According to Rekers and Lovaas, Kraig experienced an almost miraculous turnaround, although there was some suspicion that "he was 'going underground' with his deviance, suppressing his femininity in the company of adults." By the beginning of session 56, Kraig would enter the playroom and say aloud, "I wonder which toys I will play with. Oh, these are girls' toys here, I don't want to play with them." Rekers and Lovaas actually refer to this as Kraig's "spontaneous verbal labelling." Here is a child whose every movement and voice inflection were being charted. He was probably dreaming of blue and red chips after a few months of this. As with Becky, Kraig is finally described, by session 60, as engaging in "exclusively" gender-appropriate play. Rekers, perhaps in a bid to continue funding for this type of treatment, claims in his 1995 Handbook that he would never want a child to have rigid gender play behaviors. Yet his two hallmark cases, Becky and Kraig, are respectively described in their posttreatment play as rigidly feminine and rigidly masculine.

In follow-up, twenty-six months after treatment had begun, Kraig's mother expressed concern that her son had become a "rough neck," and was acquiring the destructive behaviors of the boy next door. Rekers and Lovaas wrote, "We reassured the mother that such 'mildly delinquent' behavior was much easier to correct in future years than feminine behaviors would be." The doctors described how Kraig no longer cared if his hair was neat and, most significantly, no longer engaged in the deviant behavior of "color-coordinating his clothes." They do reserve some judgment, however, because it is their clinical impression "that he may still be less skilled in some desired masculine play behaviors (e.g., throwing, catching, and batting a softball) than his same aged peers." Again, the specter of poor hand?eye coordination is raised.

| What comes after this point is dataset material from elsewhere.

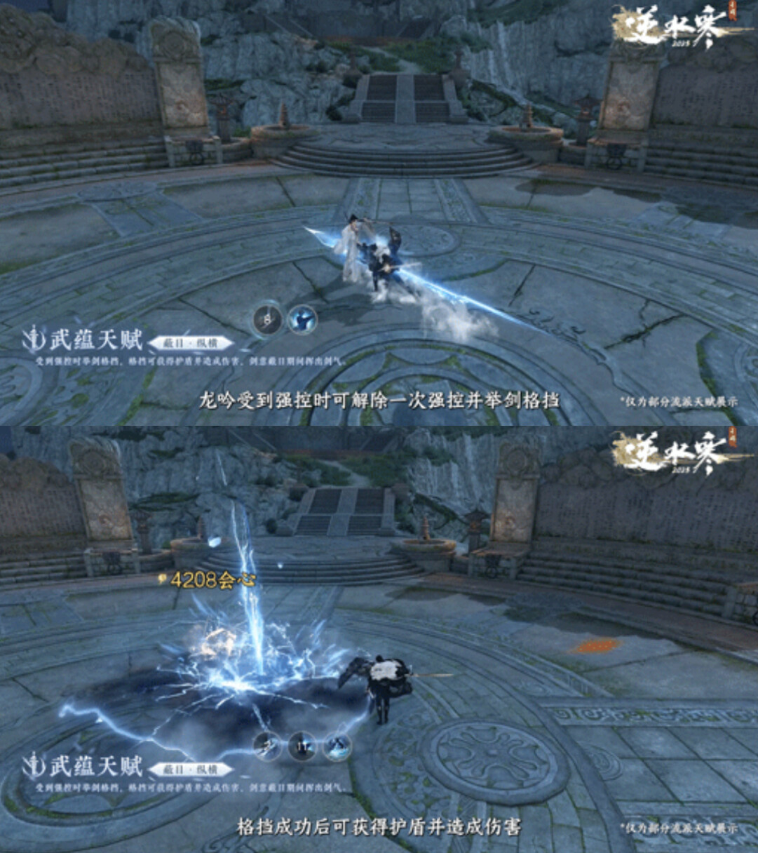 龙吟受到强控时可解除一次强控并举剑格挡,期间可移动,格挡成功后可获得护盾并造成伤害,剑意蔽日期间可移动并挥出远程剑气反击。

A disturbing aspect of Kraig's "turnaround" concerns how his relationship with his father is depicted. The father and son are described, post?treatment, as happily going off to Indian Guide club meetings and weekend campouts. Yet when Kraig was seventeen, and his mother was again interviewed by Dr. Green, she said that as a result of his experience at UCLA, Kraig and his father ". . . drew further apart." If anything, his son's diagnosis as gender deviant only served to intensify this father's rejection of his child. The mother went on to defend her husband, saying that Kraig "can really shut somebody out if he wants to." After the invasive treatment this boy received, the ability to shut someone out could be perceived as an instinct for selfpreservation.

Ten years later, Rekers continued to describe fifteen-year-old Kraig as the poster boy for behavioral treatment of boyhood effeminacy. Richard Green's follow-up interviews with Kraig paint a very different picture. Kraig became a young man terrified of his sexuality, worried that if he wore his hair wrong it might make him appear feminine, and obsessively alert to any kind of overture by a male. If Kraig thought a man might be gay, and was trying to make contact with him, Kraig was driven to feelings of physical violence, which he would soon turn against himself. At eighteen, when he called his own sexuality into question, he responded by taking fifty aspirins in a suicide attempt. The word "shame" runs throughout the dialogue he had at that point in time with Dr. Green: shame for "everything about UCLA," shame for playing with dolls, shame and confusion about his sexuality. He specifically remembers about the UCLA behavioral treatment experience at the clinic and at his home: "I felt really ashamed, and I didn't want anybody to know, and when the research guys would come to check on me, I didn't want anybody to see me with them."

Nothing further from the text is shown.